# xterm title

## Bash[DevNull]

Народ, подскажите как разрулить титл у xterm'а.

Загружаю я его, там все нормально в титле (user@hostname:path), а вот скажем сделаю я 'su' или 'su -' до рута, а он не изменяеться  :Sad: 

Как это исправить или этого добиться?

Самое интересное, что если я сделаю ssh user2@hostname2, то он соответсвующим образом изменятьеся. Делаю уже там 'su -' до рута и опять Титл изменяеться, а на локальной системе нет  :Sad: 

----------

## dio

у меня до su :

$ echo $PROMPT_COMMAND

echo -ne "\033]0;${USER}@${HOSTNAME%%.*}:${PWD/$HOME/~}\007"

после :

# echo $PROMPT_COMMAND

echo -ne "\033]0;`whoami`@${HOSTNAME%%.*}:${PWD/$HOME/~}\007"
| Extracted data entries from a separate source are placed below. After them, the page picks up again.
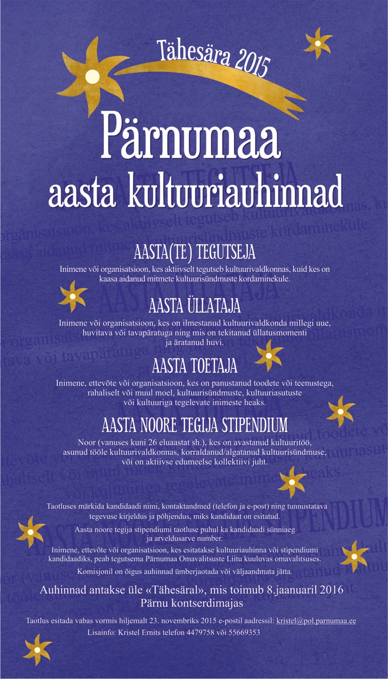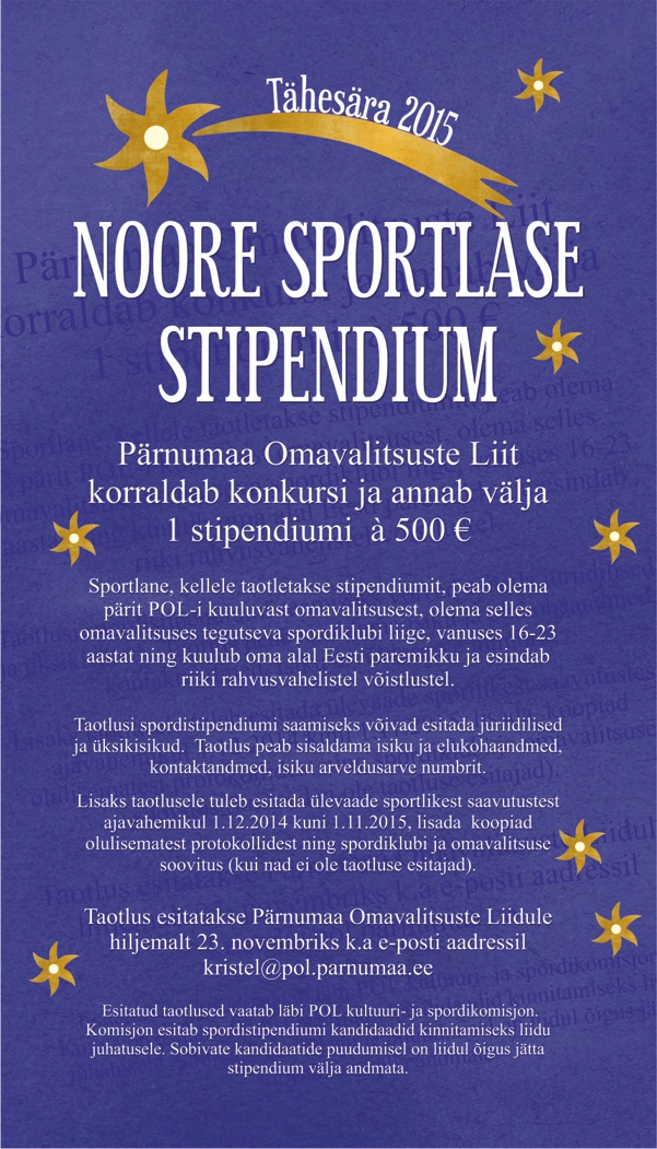 Taotlused esitada hiljemalt 23.novembril 2015 e-posti aadressil kristel@pol.parnumaa.ee .
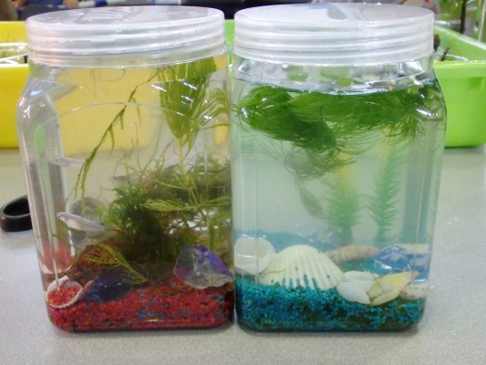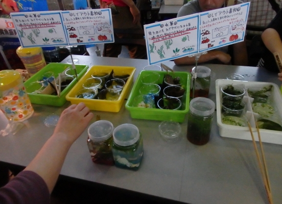 私達が参加したのは、アクアリウム作り。小瓶にメダカやヌマエビなど
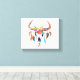 Watercolor colourful bull skull with horns, flowers, and feathers on a white tribal pattern
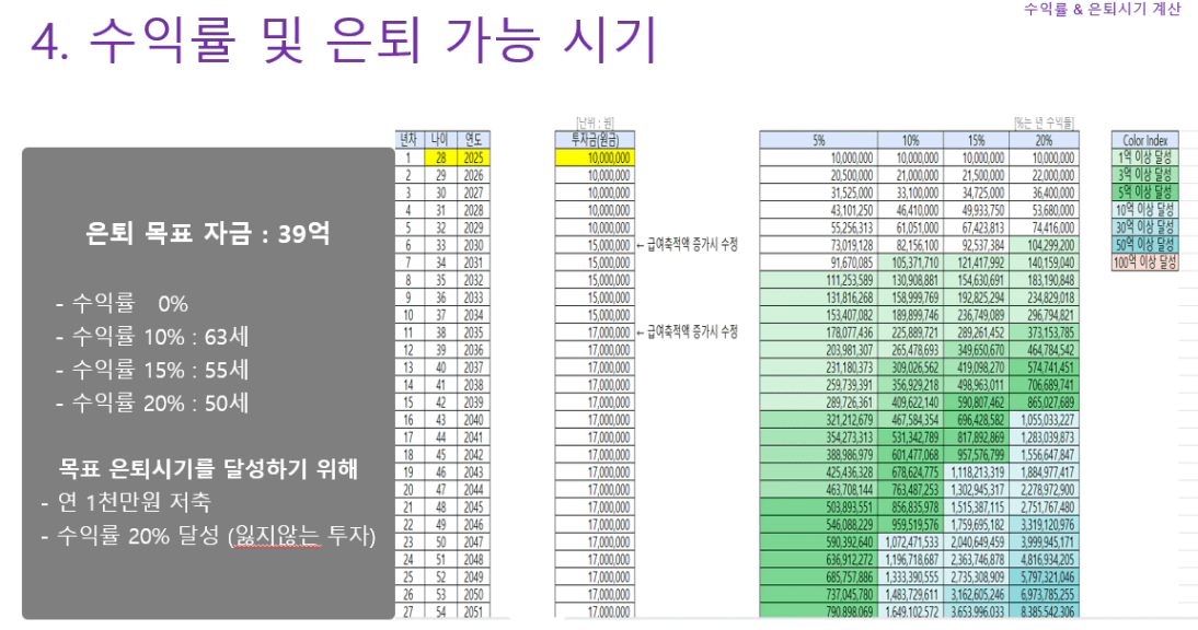 STEP4. 수익률에 따른 은퇴 가능 나이
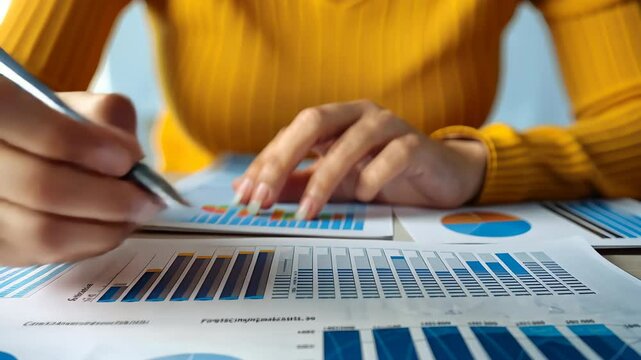 Charting Financial Analysis: A close-up view showcases a focused individual meticulously reviewing and annotating financial charts, emphasizing the meticulous process of data interpretation.
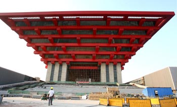 這是9月15日拍攝的建設中的中國2010年上海世博會中國館。 中國2010年上海世博會中國館正在加緊施工中,工程預計將于2009年底前全部竣工。
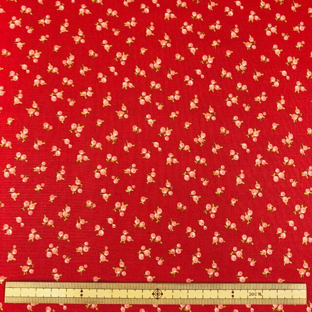 赤地に小さいバラがプリントされた生地です。
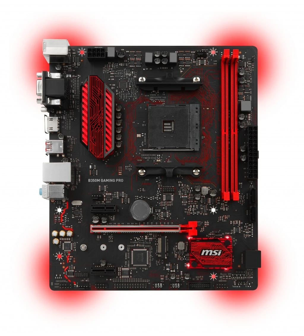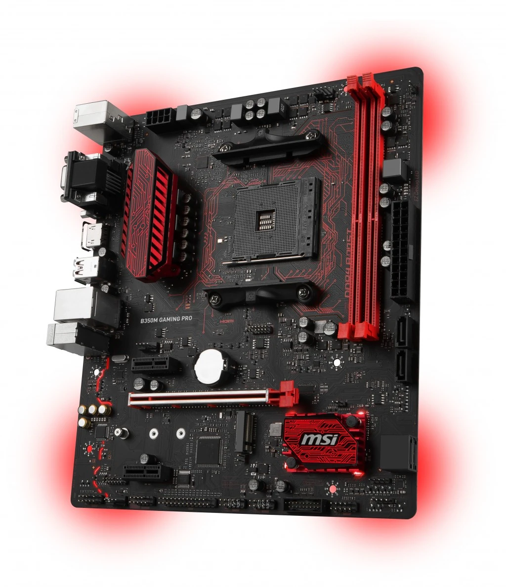 MSI B350M GAMING PRO. Toetatud mälutüübid: DDR4-SDRAM, Mälupesa tüüp: DIMM, Toetatud mälu taktsagedused: 1866,2133,2400,2667,2933,3200 MHz. Protsessori tootja: AMD, Ühilduvad protsessoriseeriad: AMD A,AMD Ryzen, Protsessori pesa: Pesa AM4. Toetatud ketaste tüübid: HDD, SSD, RAID-tasemed: 0, 1, 10. Ethernet-liidese tüüp: Kiire Ethernet, Gigabit Ethernet, LAN-kontroller: Realtek RTL8111H. Komponent: PC, Emaplaadi kiibistik: AMD, Emaplaadi kiip: AMD B350
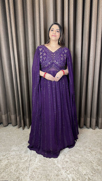 Purple Embellished Cape Style Anarkali Gown
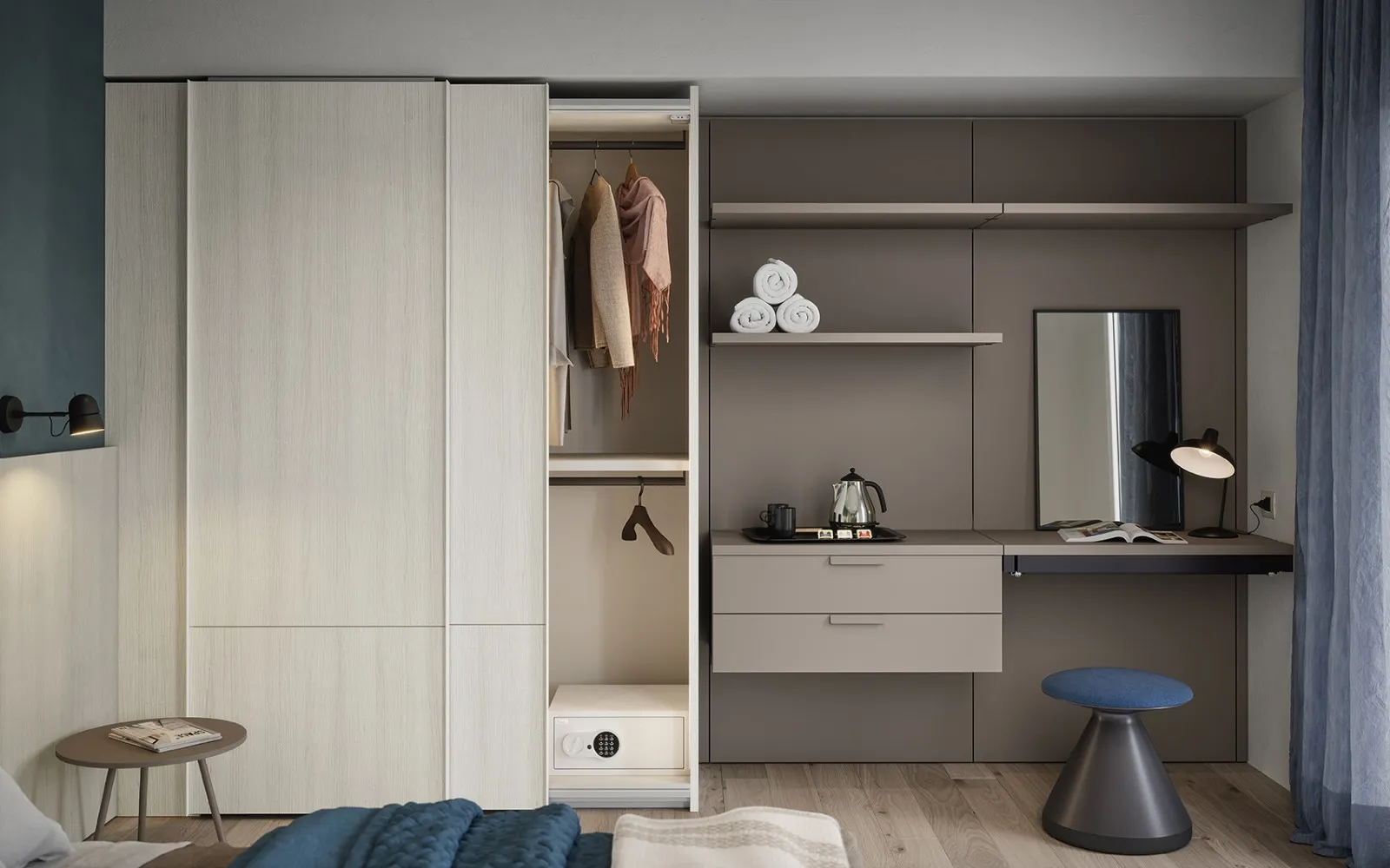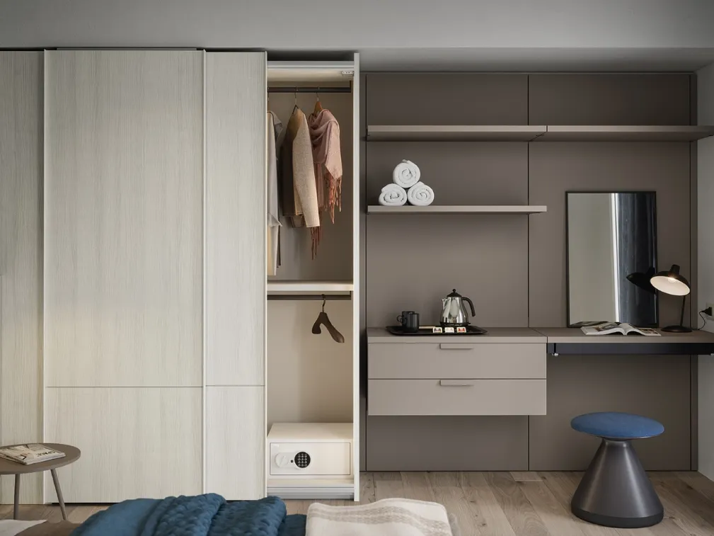 Eccoti l'armadio Armadio 11C in melaminico di Cinquanta3! Una ricca gamma di armadi a muro con ante scorrevoli.
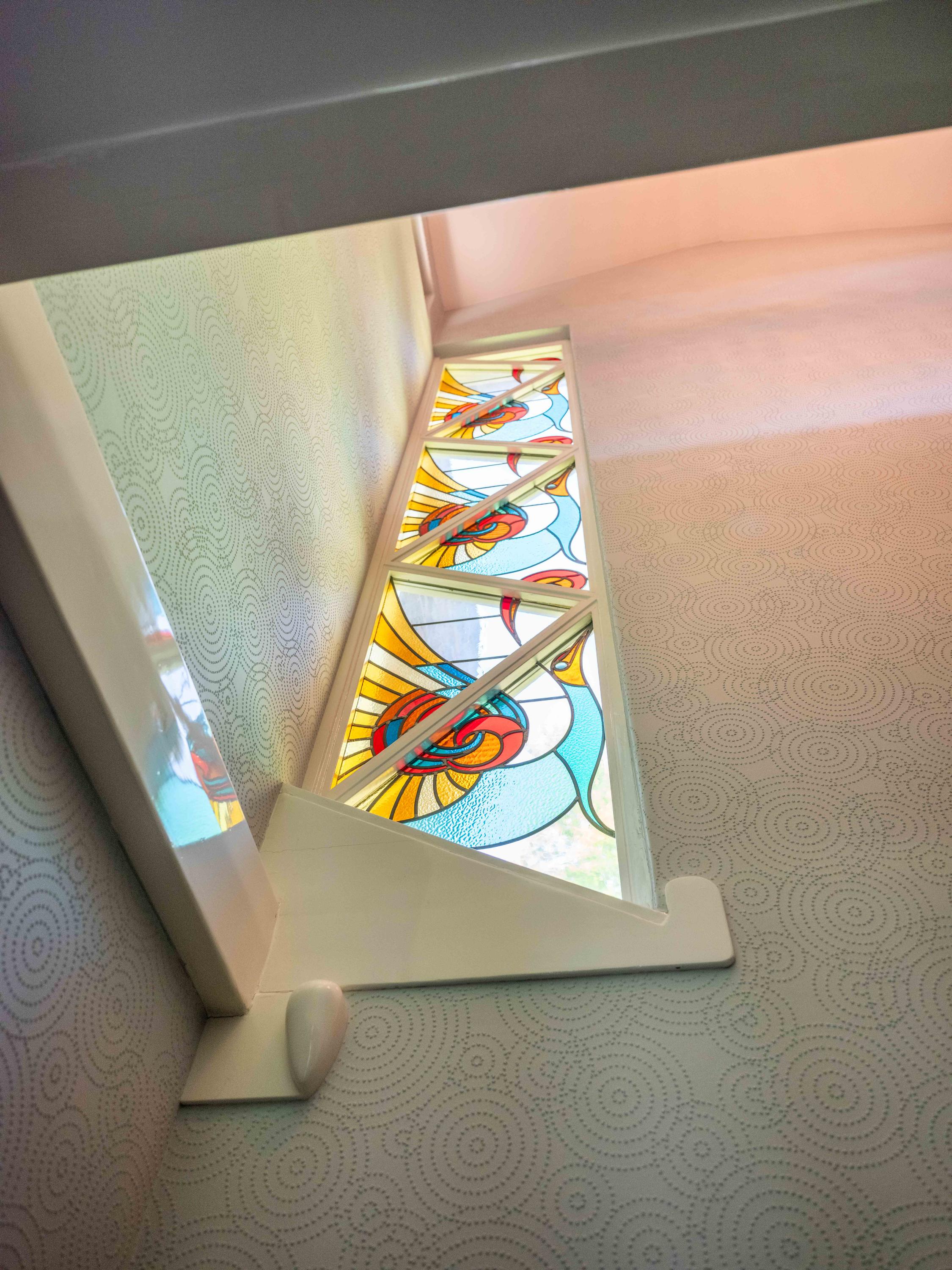 Via de trap met Amsterdamse School ornamenten en prachtig glas-in-lood raampartijen komen we op de 1e verdieping. Hier zijn 3 ruime slaapkamers gelegen waarvan de ouderslaapkamer met gashaard, inloopkast en een balkon met uitzicht op de groene tuin en de prachtige bomen. Ook op de overloop gelegen, enkele treden lager, een separaat toilet en een ruime badkamer met ligbad, douche, brede wastafel en een ruimte voor de wasmachine en droger.
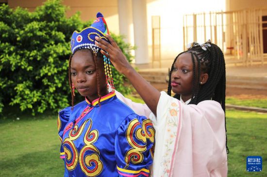 11月8日,在贝宁经济首都科托努举行的“中国贝宁服装秀”活动中,阿波美卡拉维大学孔子学院学生在穿戴中国传统服饰。新华社发(塞拉芬摄)
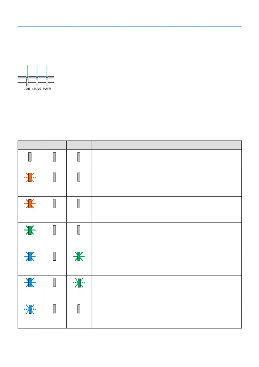 LOCK] enabled, or when an error occurs in the projector.

Если после su root значение $PROMPT_COMMAND не определено, то надо добавить в /root/.bashrc: 

case $TERM in     

   xterm*|rxvt|eterm)

                PROMPT_COMMAND='echo -ne "\033]0;`whoami`@${HOSTNAME%%.*}:${PWD/

$HOME/~}\007"'

                ;;

        screen)

                PROMPT_COMMAND='echo -ne "\033_`whoami`@${HOSTNAME%%.*}:${PWD/$HO

ME/~}\033\\"'

                ;;

esac

P.s. я поменял ${USER} на `whoami`, потому что после su ${USER} не меняется.

----------

## Bash[DevNull]

Еху! Офигенное спасибо.

Чтобы после su $USER изменился, нужно 'su -' -- делать, что очень рекомендуеться, иначе рут может в каталоге простого пользователя насоздавать временных файлов и т.д.

----------